8. A library database stores information about books and borrowers. The Book table has attributes: ISBN (primary key), title, genre, publicationYear. The Borrower table has attributes: borrowerID (primary key), firstName, lastName, ISBN (foreign key). Design a data dictionary for both tables. For each attribute include: Entity, Attribute, Key Type, Data Type, Size, and Validation. Include at least one of each of the four validation types across the two tables. TYPE 3

Create a complete table covering all 8 attributes.

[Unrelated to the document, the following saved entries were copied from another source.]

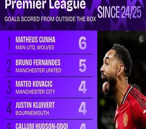 上赛季至今英超禁区外进球球员榜:库尼亚6球领跑,B费5球第二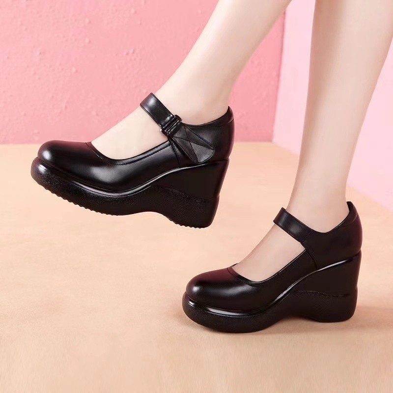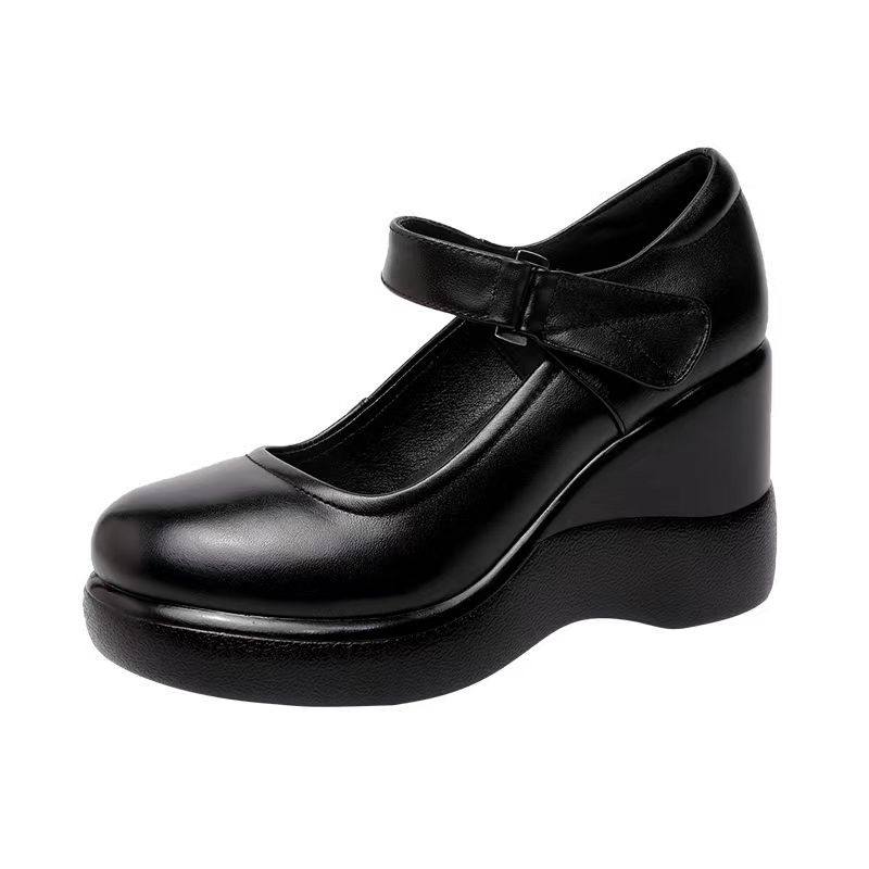 品牌撤柜款坡跟单鞋女2025新款松糕厚底中年妈妈鞋软底旗袍走秀鞋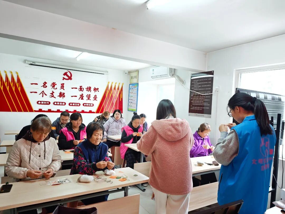 手工制作环节是本次活动的亮点。在老师的细致指导下,老人们兴致盎然地穿针引线,亲手缝制“柿柿如意”主题香囊。大家一边交流制作心得,一边闲话家常,活动现场气氛温馨,笑语不断。不一会儿,一个个小巧精致、寓意美好的香囊陆续完成,老人们手捧自己的作品,脸上写满了喜悦与成就感。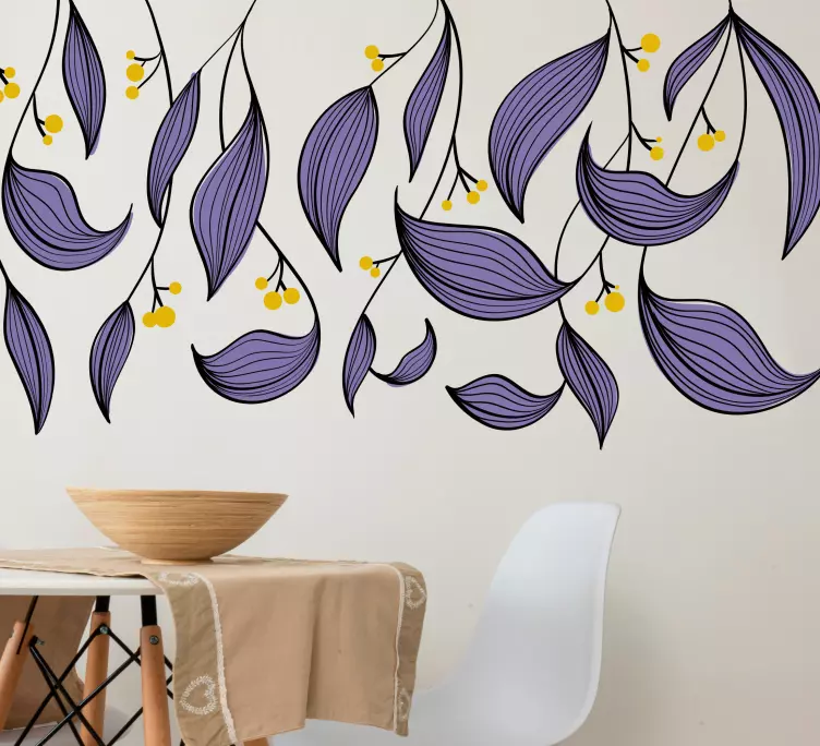 Reference: A48215Stylové fialové listy zdobené žlutými akcenty vytvářejí elegantní aranžmá. Složitá propletenost listů dodává svěží a živou atmosféru, což z něj činí ideální volbu pro vylepšení obytných prostor. Tento design přidává dotek přírody, aniž by přehlušil okolí.

9. Complete the query design table for this request: "Display the title and certificate of all films rated 7.5 or higher, sorted alphabetically by title." TYPE 2

Draw or write the 4-row table with correct values for Field(s), Table(s), Search criteria, and Sort order.

RowValue
Field(s)title, certificate
Table(s)film
Search criteriarating >= 7.5
Sort ordertitle ASC

10. Complete the query design table for this request: "Display the film title and the director's last name for PG films only. Sort by last name A to Z." (This query uses both the film and director tables.) TYPE 2

Note: in the films database, the foreign key is film.director_id and the primary key is director.director_id.

RowValue
Field(s)title, lastName
Table(s)film, director
Search criteriafilm.director_id = director.director_id AND certificate = "PG"
Sort orderlastName ASC
Teacher notes — Shift+T to hide

Lesson duration: 50–60 minutes. Work through examples step-by-step with pupils.

Key points:

  • Data dictionary is a specification, not just a list. Every field needs validation.
  • Validation is a design decision, not an afterthought.
  • Referential integrity (FK constraints) is a separate design concept, not a fifth validation type. The spec has exactly four: presence check, restricted choice, field length, range.
  • Validation prevents garbage-in-garbage-out (GIGO).

Common misconceptions: Students confuse data type with validation. Some think foreign keys are optional. Underestimate complexity of validation rules.

Past paper tips: Q5 asks students to design a data dictionary. Weak answers list attributes without validation; strong answers create clear tables with rules.